[WHAT IS REQUIRED]: Skip the pictures. Output only the lines below starting at the line with "Recognizes rooms and" and ending at the line with "Коляска прогулочная детская", both ends included, exactly as they are.

[SOURCE MATERIAL]:
++++++++++

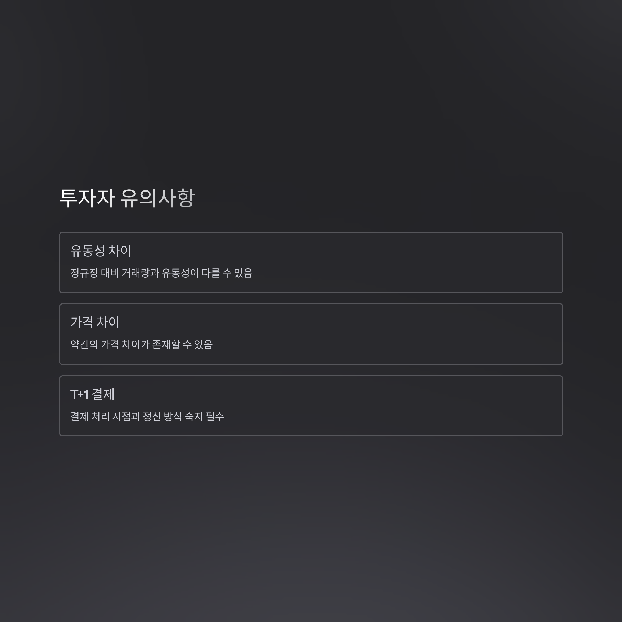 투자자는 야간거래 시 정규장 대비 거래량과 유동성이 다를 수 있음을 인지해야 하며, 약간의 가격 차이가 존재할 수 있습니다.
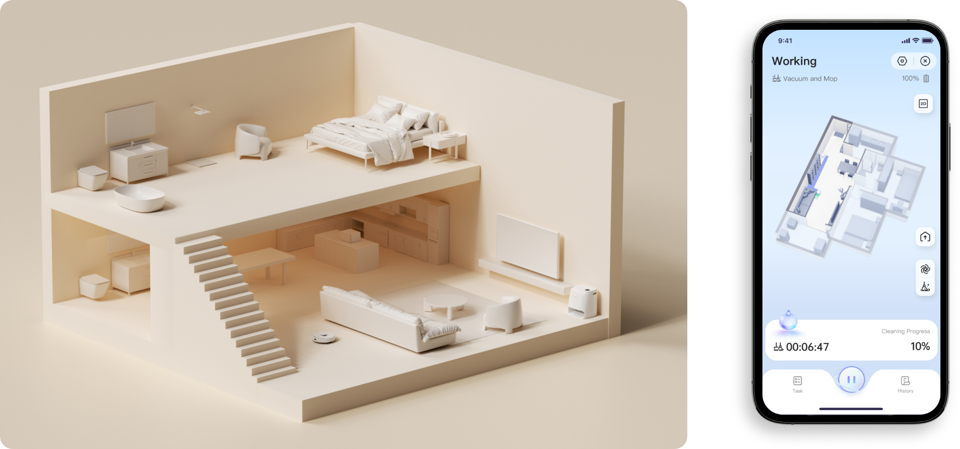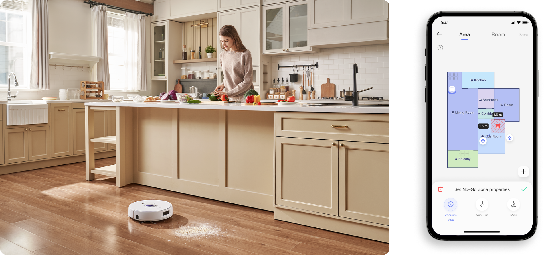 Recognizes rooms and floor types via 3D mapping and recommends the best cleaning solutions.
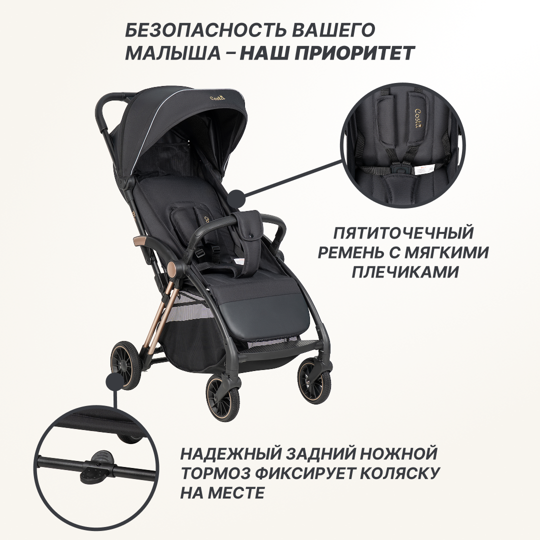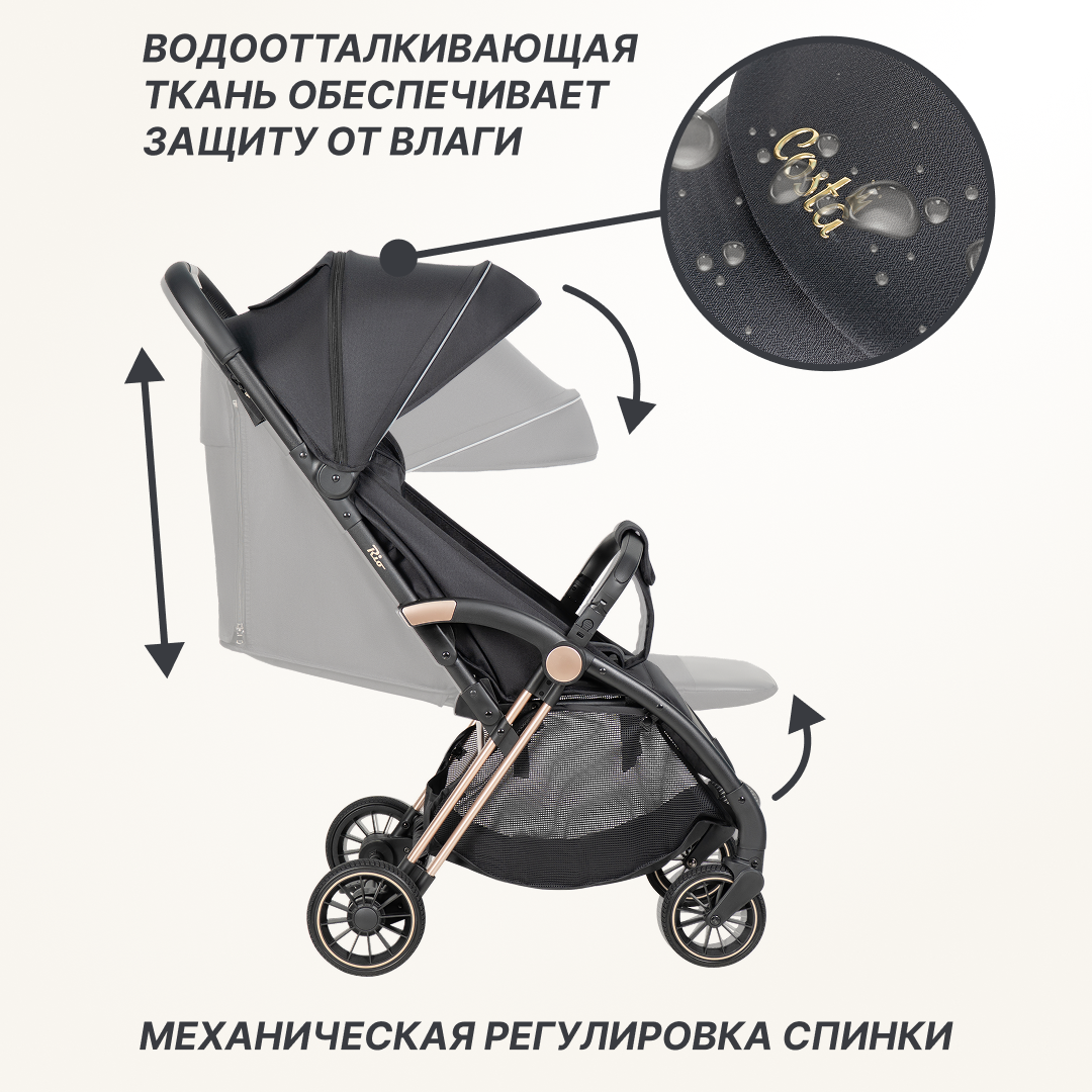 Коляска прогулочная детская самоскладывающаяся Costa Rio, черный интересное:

++++++++++

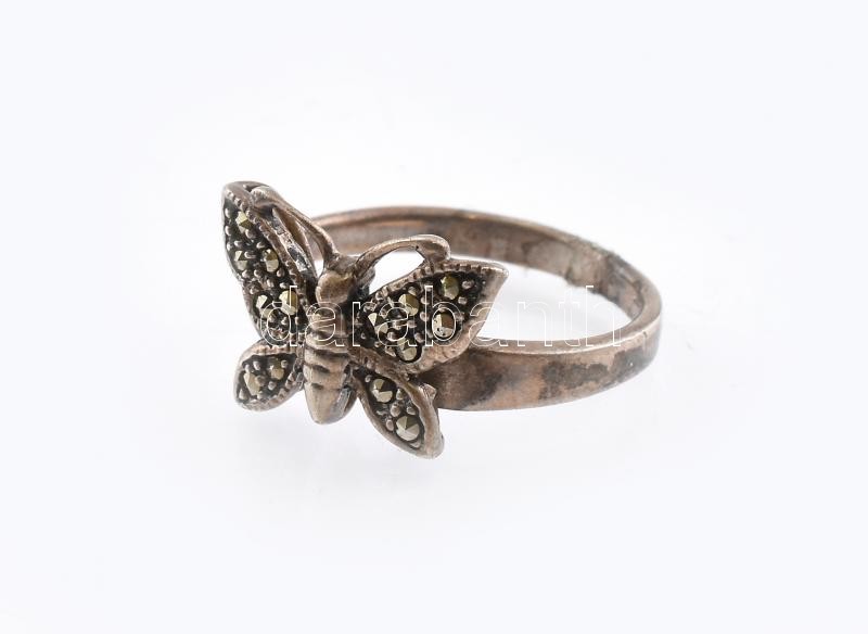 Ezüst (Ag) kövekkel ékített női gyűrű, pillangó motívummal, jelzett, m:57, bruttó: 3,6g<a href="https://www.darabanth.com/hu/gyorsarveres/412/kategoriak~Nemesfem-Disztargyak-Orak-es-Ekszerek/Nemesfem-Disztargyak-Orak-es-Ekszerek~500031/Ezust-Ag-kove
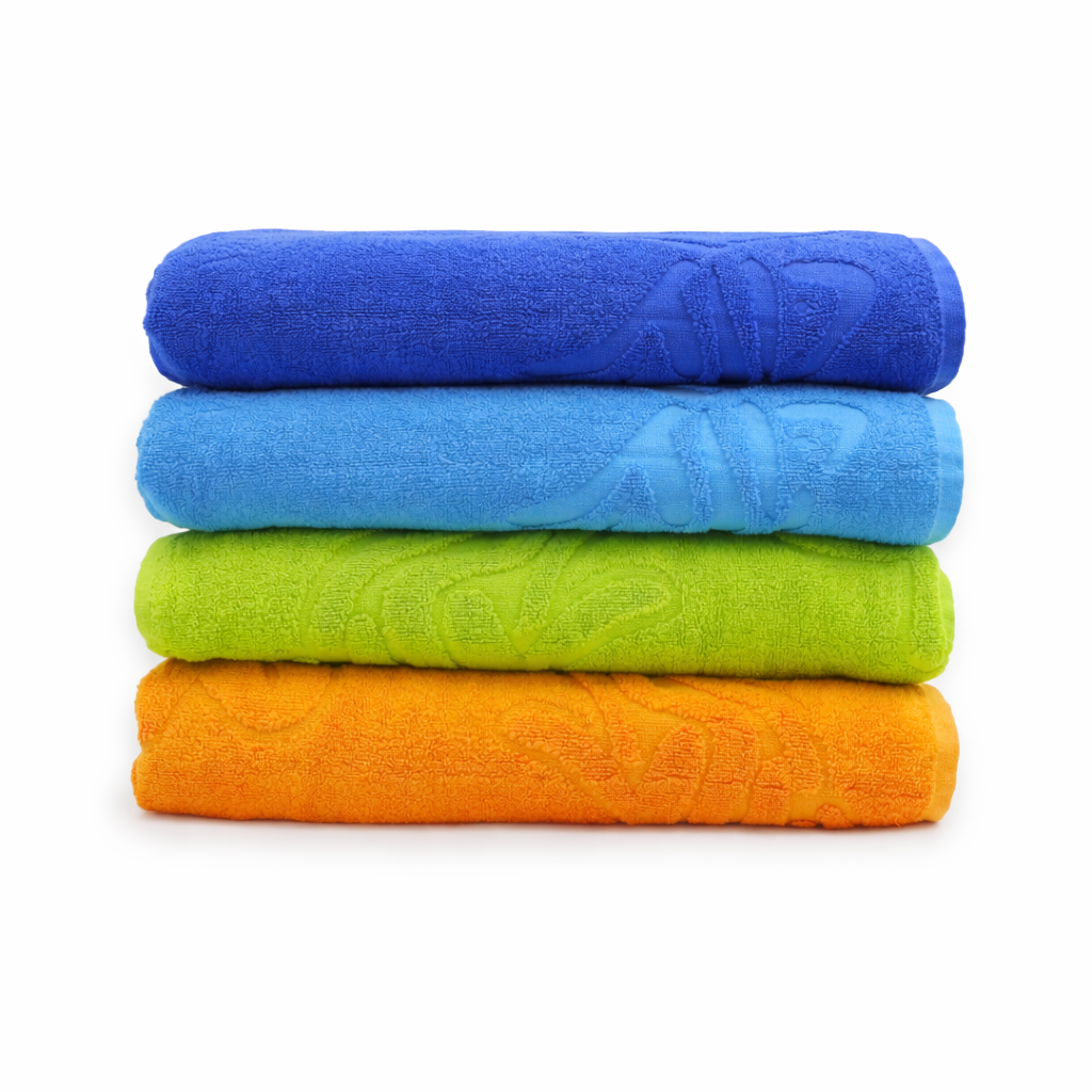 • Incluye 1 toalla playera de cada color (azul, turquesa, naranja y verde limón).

++++++++++

[RESPONSE TO THE EXERCISE]:
 Recognizes rooms and floor types via 3D mapping and recommends the best cleaning solutions.
 Коляска прогулочная детская самоскладывающаяся Costa Rio, черный интересное:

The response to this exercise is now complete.